Wenn Sie ein positiv geladenes Ion einleiten wollen, dann muss dafür eine positive Elektrode verwendet werden und umgekehrt für negativ geladene Ionen (im Falle von komplexen Molekülen aber scheint die Elektro-Osmose (und auch die Elektrophorese) Priorität zu haben: hier verliert das Konzept der Polarität an Bedeutung und das Eindringen der Substanz gelingt besser an der Anode; die Polaritäten der am meisten verwendeten medizinischen Substanzen werden in einem anderen Abschnitt beschrieben).

Obwohl theoretisch gesehen die Dosierung der einzubringenden Medizin entscheidend ist, sind tatsächlich viele andere Faktoren (Hautwiderstand, Ionengröße, Elektrodenplatzierung) maßgebend für eine ungefähre Berechnung.

Der Einsatz des galvanischen Stroms zur Einbringung der Substanzen, unter Berücksichtigung der Parameter der Stromintensität und der Anwendungsdauer, führt nicht zu unerwünschten Effekten auf der Haut.

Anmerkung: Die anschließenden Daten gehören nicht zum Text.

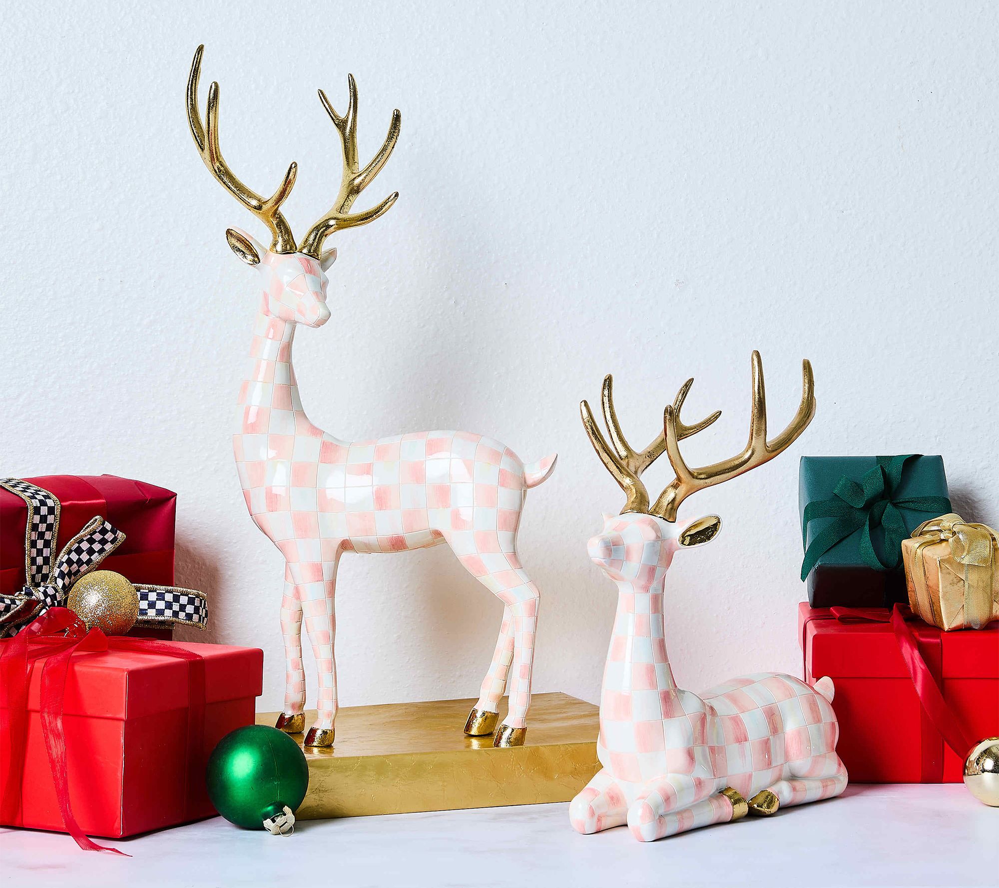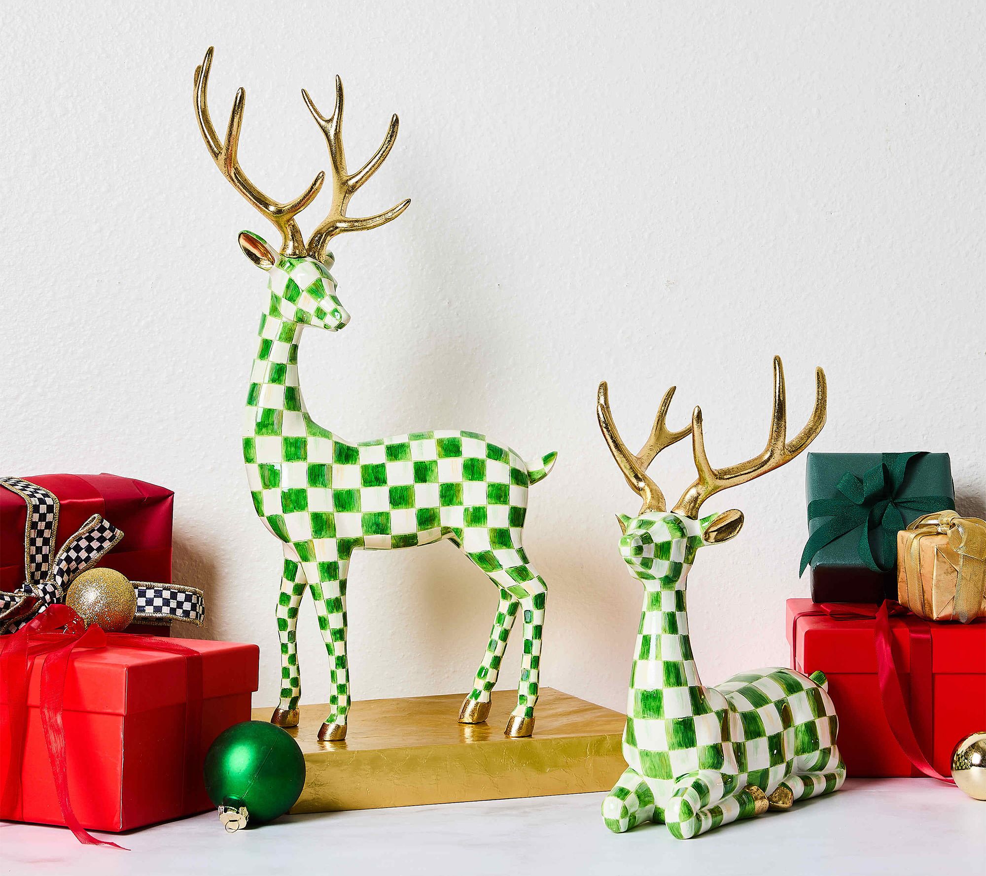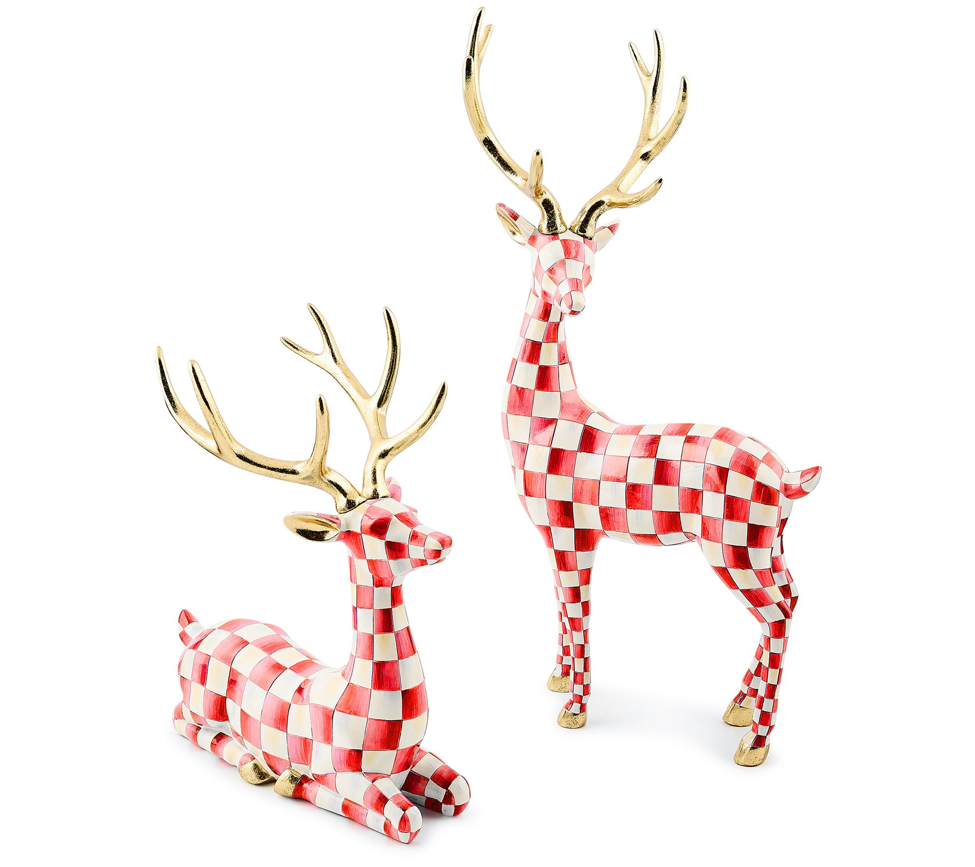 Holiday traditions or everyday whimsy -- why not both?! These playful deer bring MacKenzie-Childs' signature style to your tabletop or mantel. With one gracefully standing and the other nestled in repose, they offer instant charm and Cherry Check cheerfulness. Imagine them tucked among garlands or anchoring a festive centerpiece. From MacKenzie-Childs.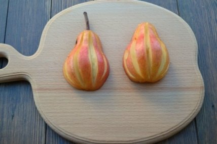 Крупную сладкую грушу вымойте, разрежьте пополам, удалите сердцевину и сделайте по поверхности неглубокие продольные желобки. Просушите грушу бумажными салфетками, чтобы удалить лишний сок.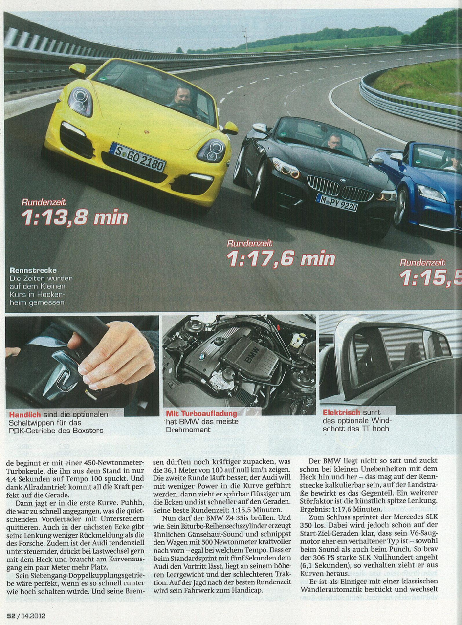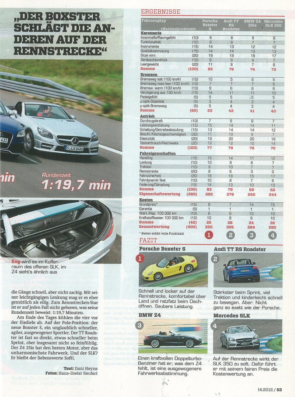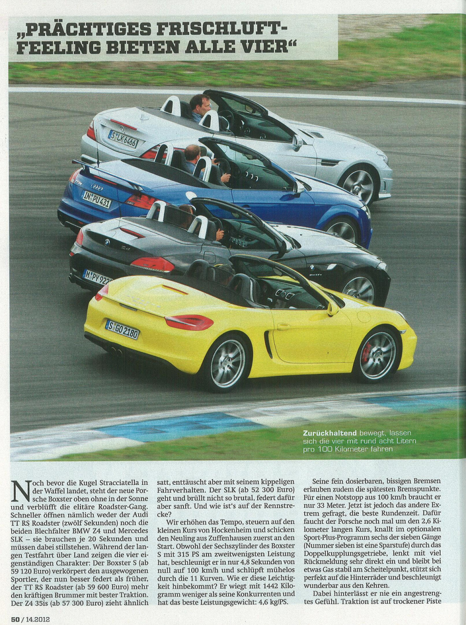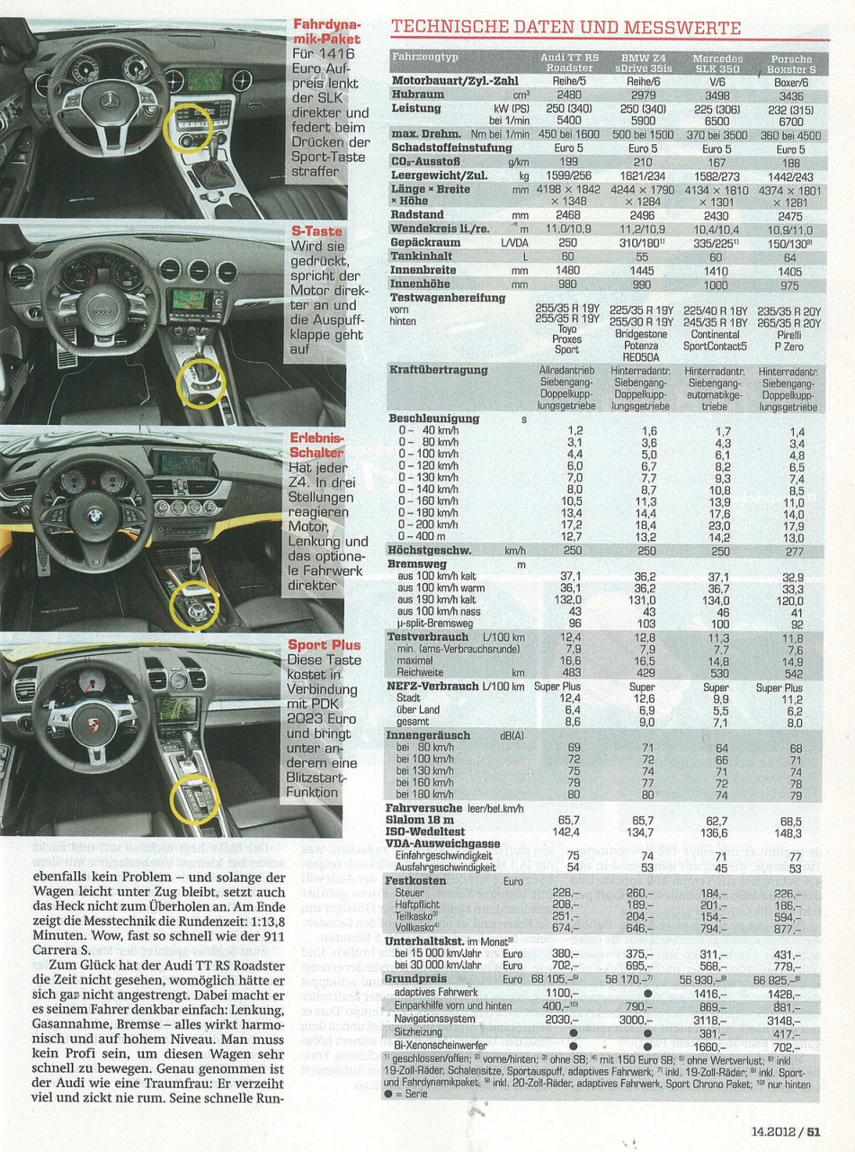 Porsche 981 Boxster S vs Audi TT RS vs BMW Z4 vs Mercedes SLK 350

Gelegentlich können lokale Rötungen auftreten oder sogar Verbrennungen, aber nur dann, wenn diese Parameter nicht eingehalten werden oder die Elektroden nicht regelmäßig gewartet oder erneuert werden. Chemische Verbrennungen am Kontaktpunkt zwischen Haut und Elektrode aufgrund der Chloridionenkonzentration und/ oder der Natriumionenkonzentration (für die Bildung ätzender Substanzen mit Wasser) können auftreten, wenn Leitungswasser verwendet wird.

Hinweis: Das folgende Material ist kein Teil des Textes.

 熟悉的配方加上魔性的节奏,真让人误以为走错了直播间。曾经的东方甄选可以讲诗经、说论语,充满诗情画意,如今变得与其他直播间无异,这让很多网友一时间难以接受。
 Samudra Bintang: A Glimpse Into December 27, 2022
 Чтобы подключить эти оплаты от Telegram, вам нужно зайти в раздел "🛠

Sehr selten können auch ganz leichte örtliche allergische Reaktionen auftreten.

Anwendungsgebiete der Iontophorese

Die Iontophorese wird in der Physiotherapie bei Muskel- und Sehnenschmerzen, bei Epicondylitis (Tennisarm), Ischias Beschwerden, aber auch zur unterstützenden Behandlung von Arthrosen der Hüft- und Kniegelenke eingesetzt und auch bei Neuralgien.

Gegenanzeigen der Iontophorese

Die Iontophorese sollte bei frischen Verletzungen der Haut und auf Pickeln und Narben nicht eingesetzt werden. Bei Endoprothesen, Metallen im Körper (z.B. künstliches Kniegelenk) und Knochenhautschmerzen, sollte die Iontophorese nicht angewendet werden. Vor einer Selbstanwendung sollte der behandelnde Arzt oder ein Orthopäde beratend tätig werden.